When the FET 32 and 36 are simultaneously turned on by outputting the control signals A2 and A6, an electric current flows through the driving coil L2 in a direction as shown by an arrow in FIG. 2. When the FET 33 and FET 35 are simultaneously turned on by outputting control signals A3 and A5, an electric current flows through the driving coil L2 but in an opposite direction to the direction as shown by the arrow.
When the FET 31 and 36 are simultaneously turned on by outputting the control signals A1 and A6, an electric current flows through the driving coil L3 in a direction as shown by an arrow in FIG. 2. When the FET 33 and FET 34 are simultaneously turned on by outputting control signals A3 and A4, an electric current flows through the driving coil L3 but in an opposite direction to the direction as shown by the arrow.
As described above, the FET pairs thus turned on have six (6) combinations. By selecting the combinations in a known order, a rotational magnetic field is generated in the stator of the pulse motor and the rotor of the pulse motor is rotated in a predetermined direction.
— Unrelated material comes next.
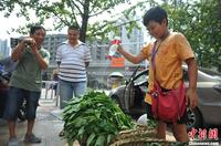 8月28日,重庆一小男孩正在为顾客称菜。重庆沙坪坝区12岁小男孩利用闲暇日帮助父母卖菜补贴家用。据悉,该小男孩已经在此摆摊已经长达3年时间。动作娴熟的称菜收钱做生意,不少附近的居民都成为了他的老顾客。陈超 摄

The rotation of the pulse motor is stopped by turning off the driving switch SW.
The control device having the above-mentioned construction has the following drawbacks. Since no electric current is supplied to the driving coils L1 to L3 from the power source V.sub.B, the rotor is rotated merely by inertia. A braking current is supplied to the driving coils L1 to L3, and a magnetic field is generated in the driving coils L1 to L3. As a result, the rotor is abruptly stopped. A stopping sound (so-called "shaking noise") is generated at the time. This makes it impossible to fully enjoy one of the important advantages, i.e., low noise, of the pulse motor.
The present inventor has guessed or anticipated a possible cause of generation of a braking current as follows. Even if the driving switch SW is turned off, the control circuit 2 is kept operated until after the completion of discharge, by electric charge which has been accumulated within the electrolytic capacitor C in the power source circuit 1, and closed circuits including one of the driving coils L1 to L3 are formed one after another. For example, when the FET 32 is in the ON-state in FIG. 2, a closed circuit is formed by the FET 32 which is in the ON-state, the driving coil L2 and the built-in diode D3 of the FET 33. As a consequence, when a permanent magnet of the rotor is moved across the driving coil in the closed circuit, a braking current B1 is generated in the driving coil L2.